With no chemical controls likely to be licensed soon to control pathogenic fungus Mycosphaerella, cucumber growers have been urged to be extra vigilant on hygiene when changing over crops.
Last week's Cucumber Growers' Association (CGA) conference (19 October) heard from Stockbridge Technology Centre science director Dr Martin McPherson who has been leading field trials on the effects of a range of glasshouse hygiene regimes, using spore traps to monitor prevalence of the fungus.
"You might end up losing 30 per cent of your crop to Mycosphaerella, costing you £40,000-50,000 a hectare," he said. "Cleaning up might cost you maybe £1,000-4,000/ha, but the saving is pretty considerable."
A single infected cucumber can yield 300 million spores, making early removal essential, he added.
Independent plant pathologist Dr Aleid Dik said: "Growers in the Netherlands have more fungicides available but even then losses to Mycosphaerella are severe."
Dutch trials have shown some benefit from using the biological control Enzicur - not yet licensed for UK use - from flower and dead leaf picking, and from using so-called "hot knife" or self-sterilising tools.

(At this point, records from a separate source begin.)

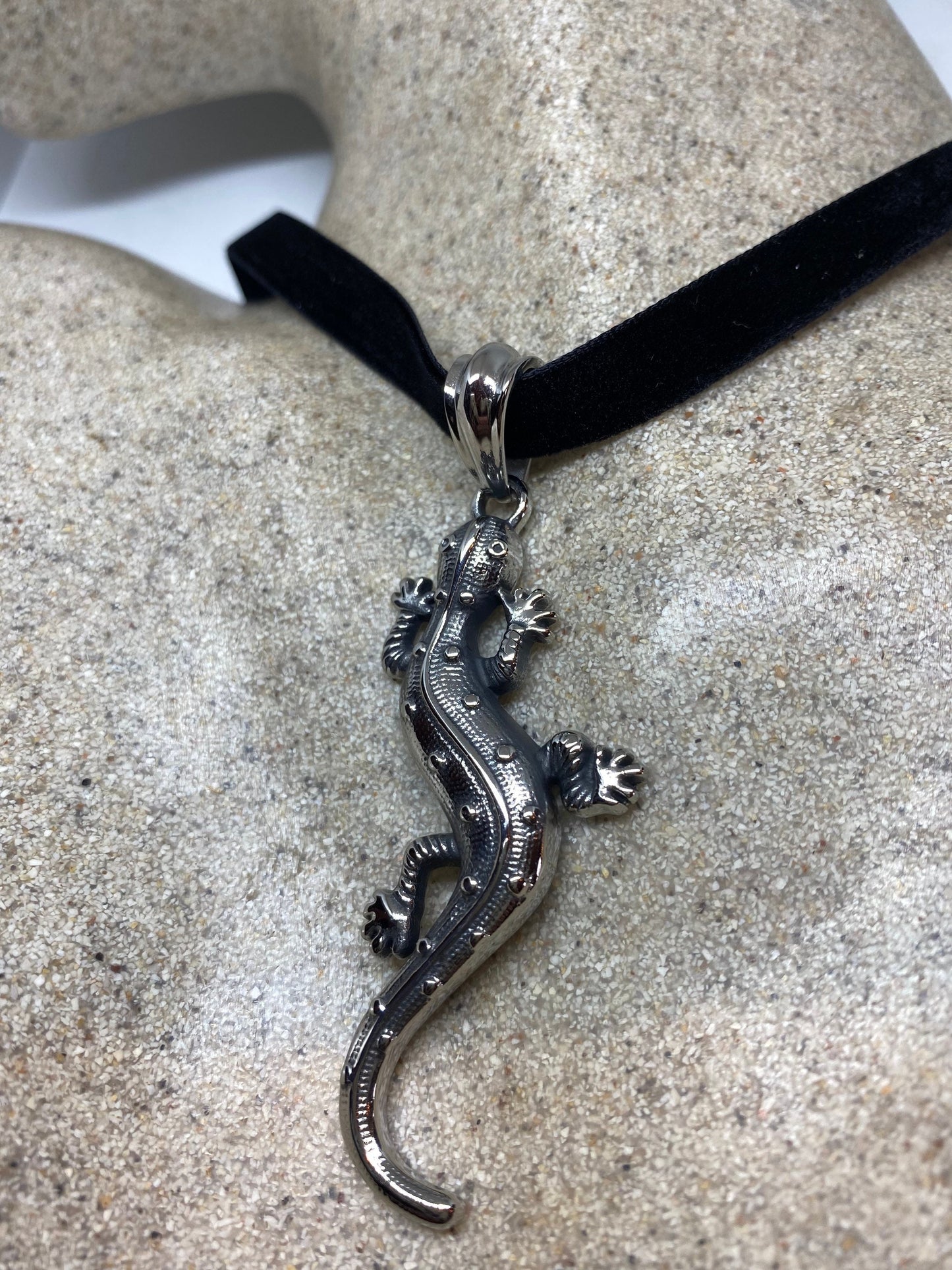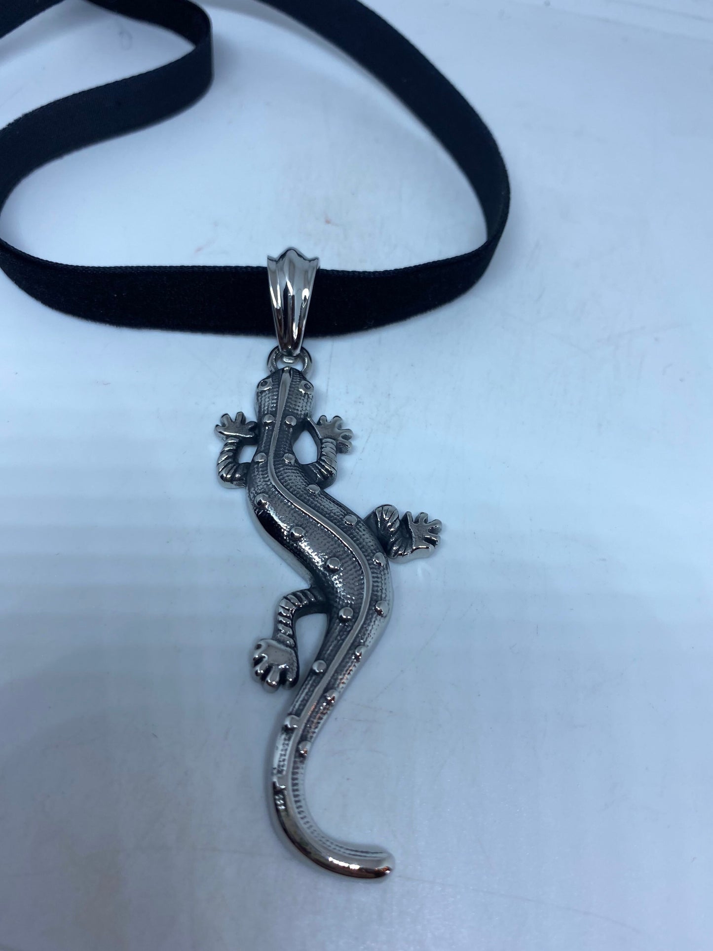 Vintage Handmade Stainless Steel Lizard Amulet Pendant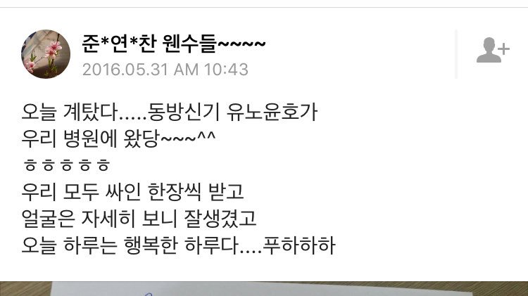 Yunho came to OP’s hospital today and signed one for everyone. She said she looked at him carefully and he was really good-looking. Today has been a happy day puahahaha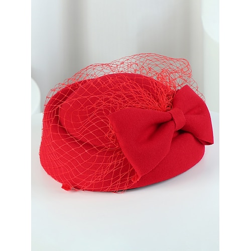 Cappello da donna per feste di Natale - in finta lana, con fiocco e rete, vari colori per le feste, perfetto per eventi festivi e moda invernale

Neither irrigation scheduling nor ultraviolet light were found to be effective controls.
CGA technical officer Derek Hargreaves explained that it would be "another three years" before chemical controls for Mycosphaerella are likely to be available.
McPherson added: "Even when we get some more products, we will have to use them wisely."
Cucumber Growers' Association secretary Derek Hargreaves said the association hopes to meet new farming minister George Eustace to press the case for speedier product approvals.
"We are in a ridiculous situation on availability," he told the group's conference. "The companies are trying. The frustration is with the Chemicals Regulation Directorate."